By Michael J. Peters and John M. O’Driscoll

Municipalities and the State face tremendous financial burdens associated with pensions costs that accrue more and more every day.   In particular, local governments are especially concerned with the financial costs associated with injured firefighters.  Currently, State law offers multiple pensions for firefighters who become ill because of their work. Specifically, injured firefighters can seek payments through the Public Safety Employee Benefits Act (the “Benefits Act”), 820 ILCS 320 et seq.,  and the Illinois Pension Code (the “Pension Code”), 40 ILCS 5 et seq.

Both the Benefits Code and the Pension Code award payments to injured firefighters who suffer a “catastrophic injury” on the job.   However, the Supreme Court in Bremer v City of Rockford, 2016 IL 119889, has given local governments some breathing room by confirming that an injury resulting in an occupational disease—which has always triggered payments to firefighters under the Pension Code—does not trigger payments under the Benefit Act.

As some background, the Section 10 of the Benefits Act provides that a full-time firefighter “who . . . suffers a catastrophic injury or is killed in the line of duty shall pay the entire premium of the employer’s health insurance plan for the injured employee . . . . In order for the . . . firefighter . . . to be eligible for insurance coverage . . . the injury or death must have occurred as the result of the . . . firefighter’s response to what is reasonably believed to be an emergency” 820 ILCS 320/10 (West 2008)(emphasis added).

In determining what is a catastrophic injury under the Benefits Act, the Supreme Court of Illinois in Krohe v.
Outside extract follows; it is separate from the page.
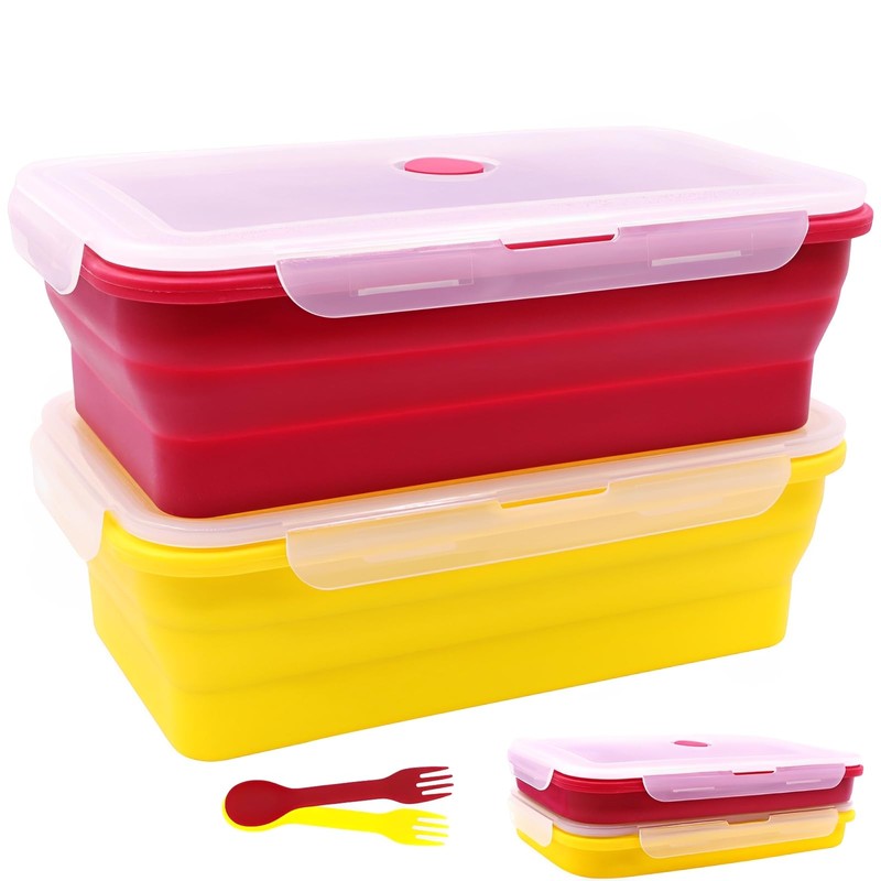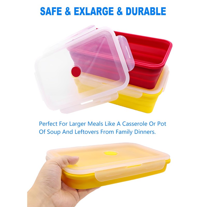 FUSMYE Extra Large Collapsible Silicone Food Storage Containers With Lids, 82.8oz, 2 Pack, XXL Foldable Bento Lunch Box, Big Meal Boxes for Kitchen, Camping, BPA Free (Yellow and Red)

City of Bloomington, 204 Ill. 2d 392 (2003) construed “catastrophic injury” as “synonymous with an injury resulting in a line-of-duty disability pension under . . . the [Pension] Code.”   Since Krohe, many local governments have wondered if a disease resulting from the occupation of firefighting— like respiratory illnesses—are compensable under the Benefits Act.  This question was resolved in Bremer.
In Bremer, the City of Rockford granted William Bremer an occupational disease disability pension for Bremer’s heart condition in 2007 and paid the health insurance premiums for Bremer and his wife through February 2008.  In March 2008, Bremer applied for payment of his health insurance through the Benefits Act and was denied for failing to state a “catastrophic injury” required by the Benefits Act.  In upholding Rockford’s denial, the Court noted that the term “catastrophic injury” encompasses only line-of-duty injuries, but not injuries caused by the stresses of firefighting over time.  In other words, although a disease caused by the occupation of firefighting may be compensable to a firefighter under the Pension Code, it is not a “catastrophic injury” compensable under the Benefits Act.

Therefore, local governments and boards should know that any firefighter who may have heart disease, a stroke, tuberculosis, or any disease of the lungs or respiratory tract, resulting from service are entitled to benefits under the Pension Code. The government can take [some] financial reprieve in knowing that these diseases are not compensable under the Benefits Act.